With the pictures left out, retype exactly the lines below starting at the line that contains "电池:L10/1节18650锂离子电池 / L10 MAX/1节21700锂离子电池" and ending at the line that contains "META VERIFIED için".

* Source information:
# # # #
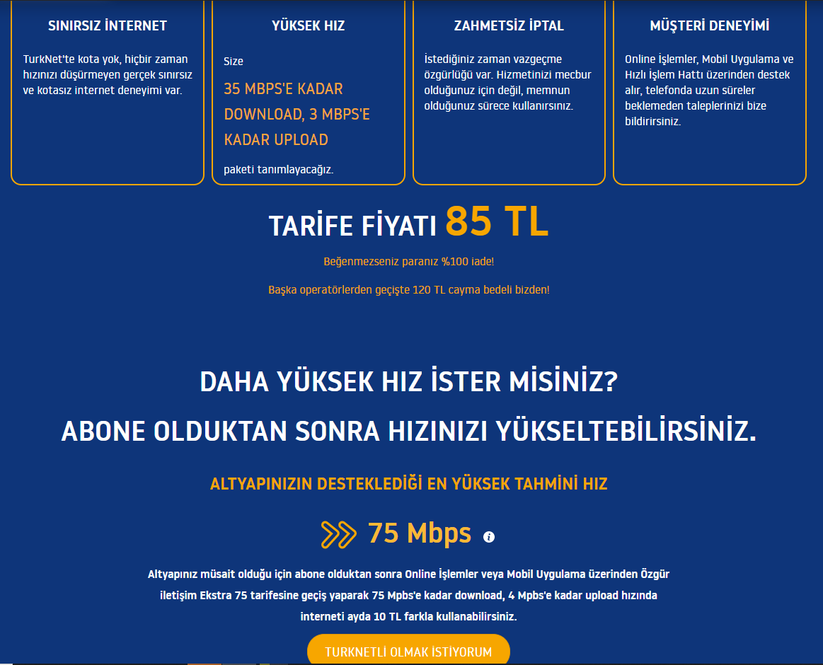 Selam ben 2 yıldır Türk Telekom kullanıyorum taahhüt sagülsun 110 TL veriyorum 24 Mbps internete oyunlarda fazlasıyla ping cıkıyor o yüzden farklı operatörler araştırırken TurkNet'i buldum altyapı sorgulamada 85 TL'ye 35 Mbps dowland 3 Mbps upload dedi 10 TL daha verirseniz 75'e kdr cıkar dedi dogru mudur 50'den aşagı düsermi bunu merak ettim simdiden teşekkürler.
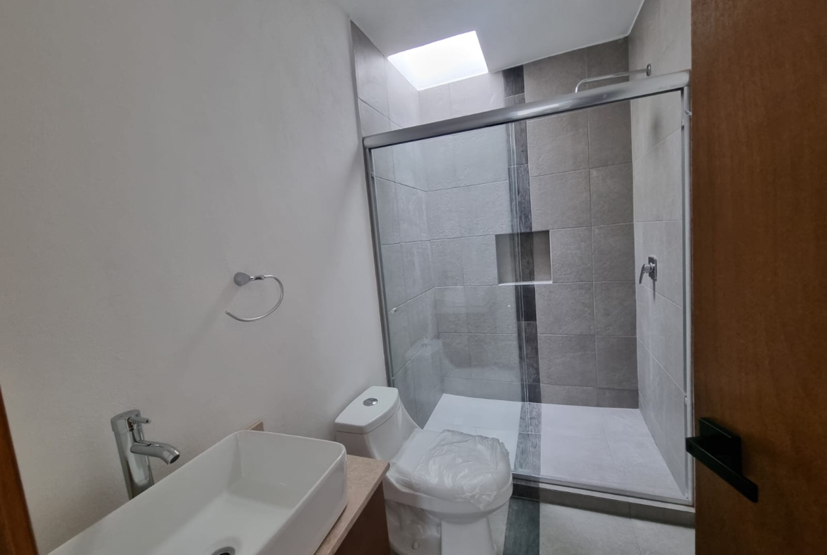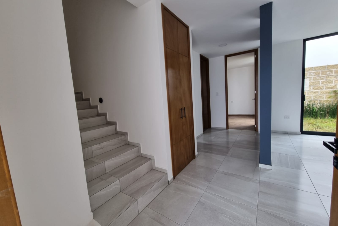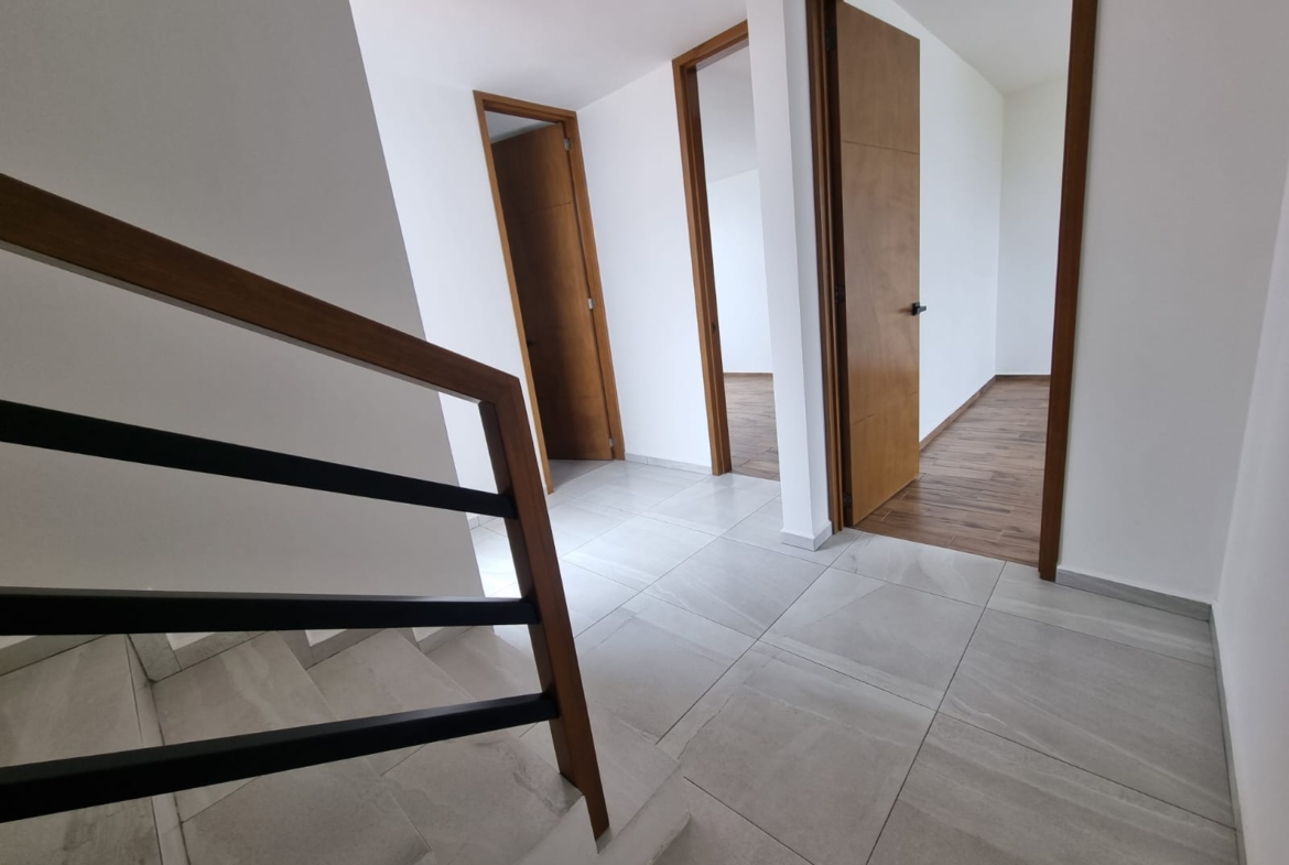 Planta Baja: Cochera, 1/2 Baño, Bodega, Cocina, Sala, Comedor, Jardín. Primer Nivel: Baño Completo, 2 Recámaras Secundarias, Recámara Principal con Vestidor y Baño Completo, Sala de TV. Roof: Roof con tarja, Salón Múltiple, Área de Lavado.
# # # #
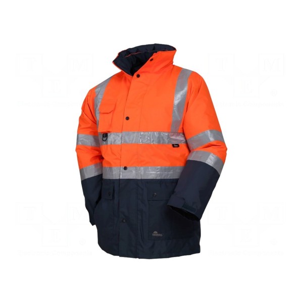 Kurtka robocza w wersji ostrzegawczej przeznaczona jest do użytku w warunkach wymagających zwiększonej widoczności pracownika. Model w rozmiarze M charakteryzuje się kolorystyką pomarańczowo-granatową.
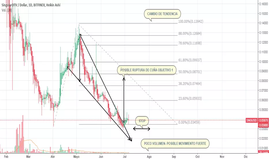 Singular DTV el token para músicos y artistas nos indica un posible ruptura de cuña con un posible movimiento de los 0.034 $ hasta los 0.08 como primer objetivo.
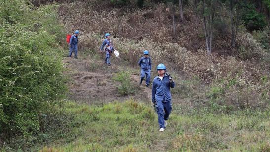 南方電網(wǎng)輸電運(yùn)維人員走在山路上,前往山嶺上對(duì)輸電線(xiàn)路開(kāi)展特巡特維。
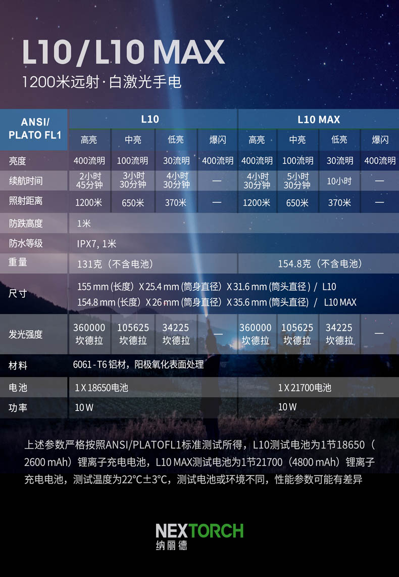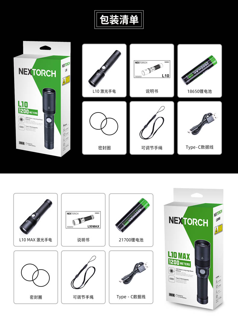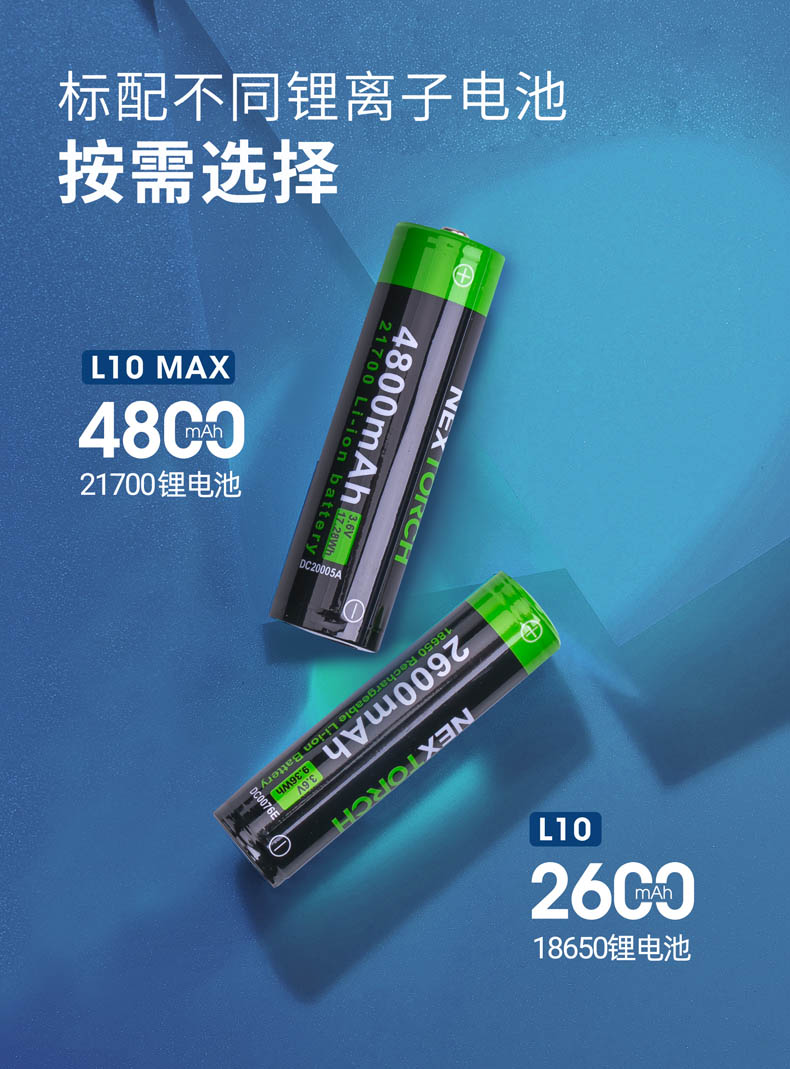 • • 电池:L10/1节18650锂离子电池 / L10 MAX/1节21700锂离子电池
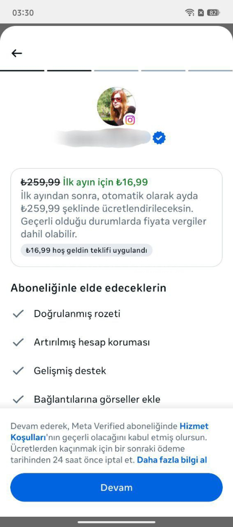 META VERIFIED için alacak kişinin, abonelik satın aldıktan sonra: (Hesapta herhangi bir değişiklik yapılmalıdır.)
# # # #
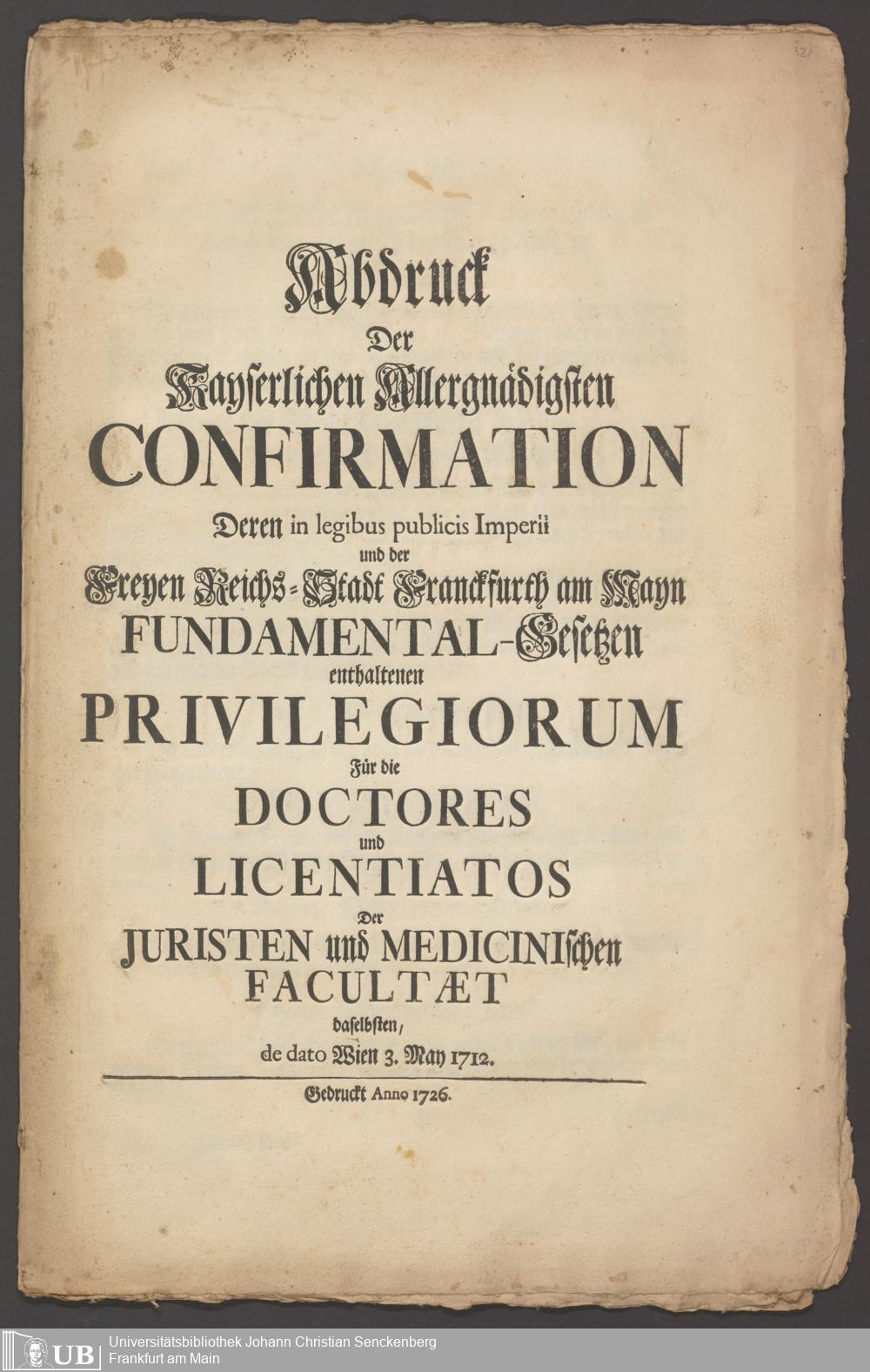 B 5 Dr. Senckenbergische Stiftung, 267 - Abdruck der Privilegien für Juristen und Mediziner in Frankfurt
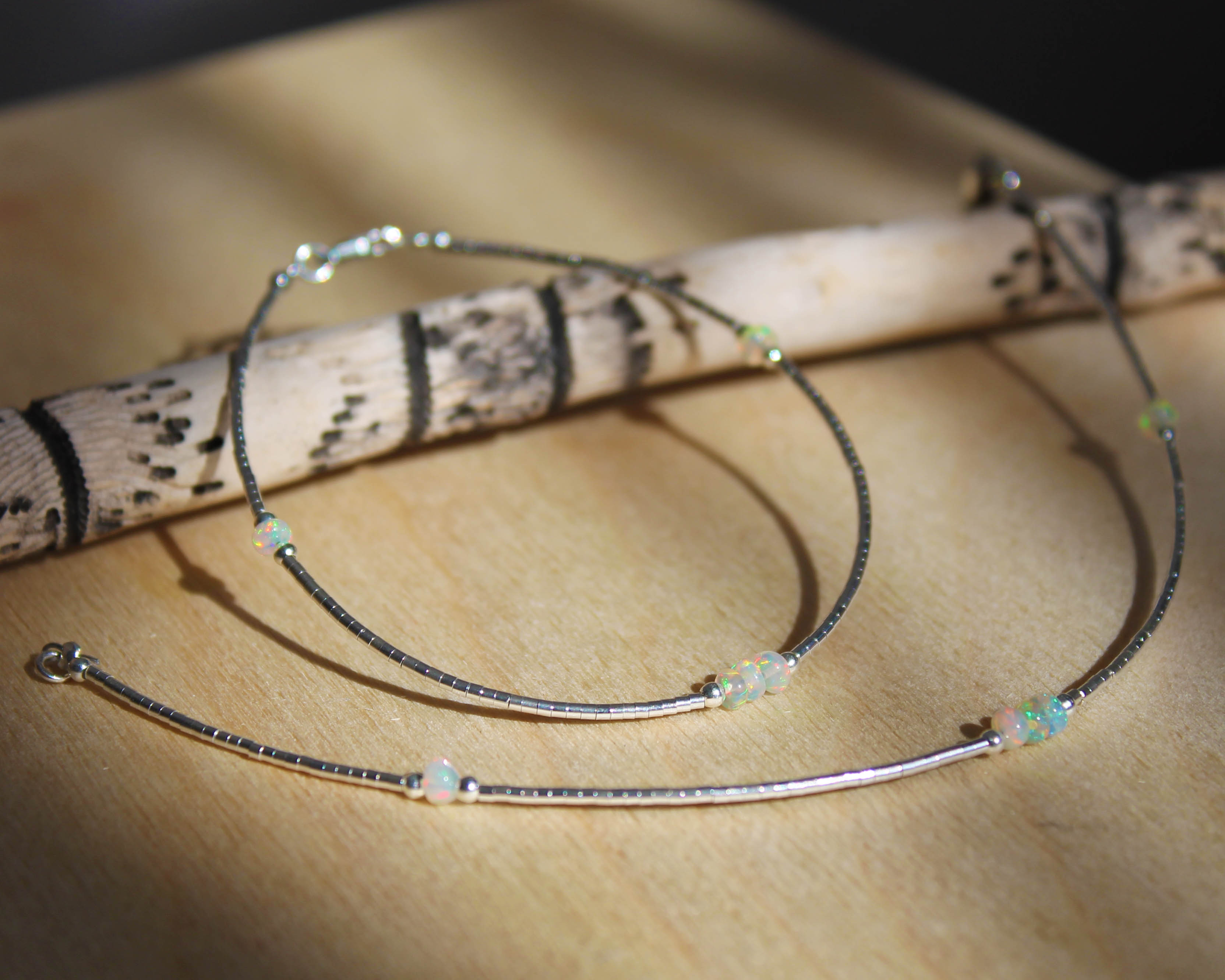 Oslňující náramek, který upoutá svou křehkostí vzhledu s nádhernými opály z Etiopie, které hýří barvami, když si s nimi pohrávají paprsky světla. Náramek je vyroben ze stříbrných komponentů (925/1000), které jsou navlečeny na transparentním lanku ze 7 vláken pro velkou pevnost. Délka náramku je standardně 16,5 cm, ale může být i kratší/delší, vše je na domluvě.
# # # #
* Exercise result:
 • • 电池:L10/1节18650锂离子电池 / L10 MAX/1节21700锂离子电池
 META VERIFIED için alacak kişinin, abonelik satın aldıktan sonra: (Hesapta herhangi bir değişiklik yapılmalıdır.)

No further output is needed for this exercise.